_RAW DATA_.

★ ★ ★ ★ ★ ★ ★

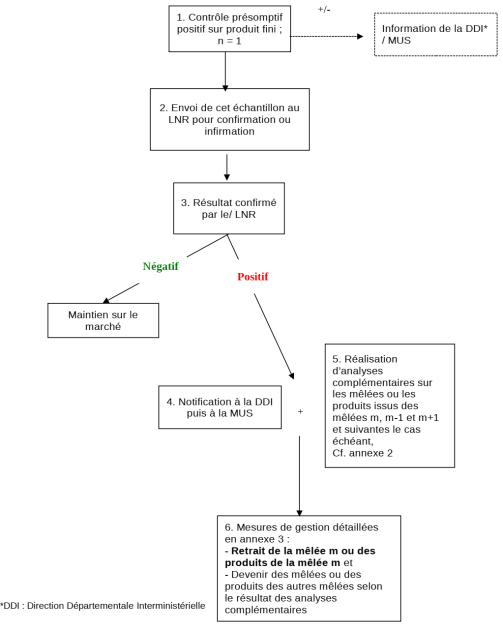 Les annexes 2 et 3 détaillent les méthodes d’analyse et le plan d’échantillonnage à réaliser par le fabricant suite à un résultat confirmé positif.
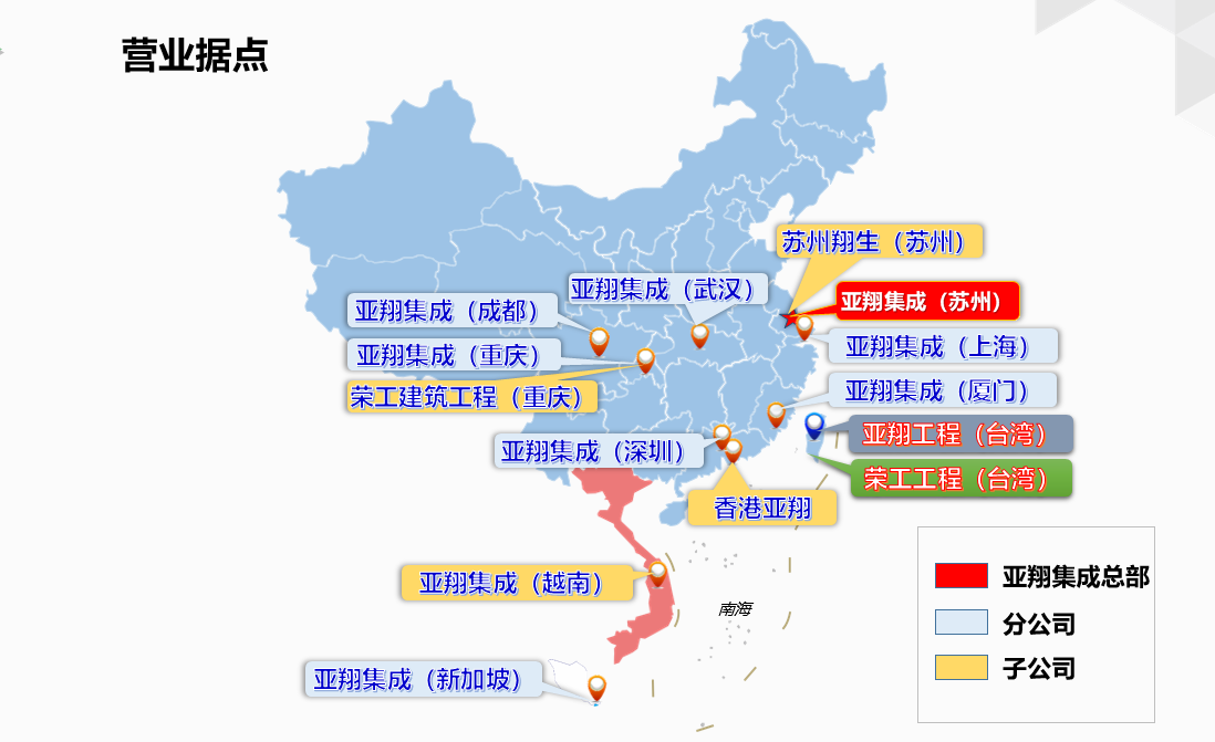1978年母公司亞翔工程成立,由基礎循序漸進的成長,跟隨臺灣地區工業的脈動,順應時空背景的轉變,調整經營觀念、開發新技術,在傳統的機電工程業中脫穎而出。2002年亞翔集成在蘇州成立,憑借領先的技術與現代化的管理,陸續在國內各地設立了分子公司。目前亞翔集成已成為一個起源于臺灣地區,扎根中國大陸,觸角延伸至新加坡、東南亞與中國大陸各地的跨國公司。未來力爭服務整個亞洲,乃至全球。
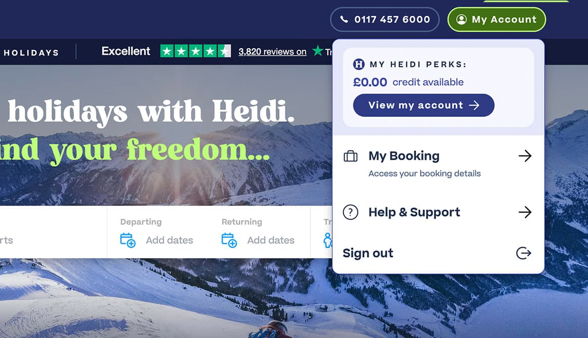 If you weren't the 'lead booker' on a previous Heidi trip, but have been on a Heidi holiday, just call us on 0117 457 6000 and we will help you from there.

★ ★ ★ ★ ★ ★ ★

_ACTIVITY_.
Output the listing above exactly, but leave its pictures behind.

_YOUR RESPONSE_.
 Les annexes 2 et 3 détaillent les méthodes d’analyse et le plan d’échantillonnage à réaliser par le fabricant suite à un résultat confirmé positif.
1978年母公司亞翔工程成立,由基礎循序漸進的成長,跟隨臺灣地區工業的脈動,順應時空背景的轉變,調整經營觀念、開發新技術,在傳統的機電工程業中脫穎而出。2002年亞翔集成在蘇州成立,憑借領先的技術與現代化的管理,陸續在國內各地設立了分子公司。目前亞翔集成已成為一個起源于臺灣地區,扎根中國大陸,觸角延伸至新加坡、東南亞與中國大陸各地的跨國公司。未來力爭服務整個亞洲,乃至全球。
 If you weren't the 'lead booker' on a previous Heidi trip, but have been on a Heidi holiday, just call us on 0117 457 6000 and we will help you from there.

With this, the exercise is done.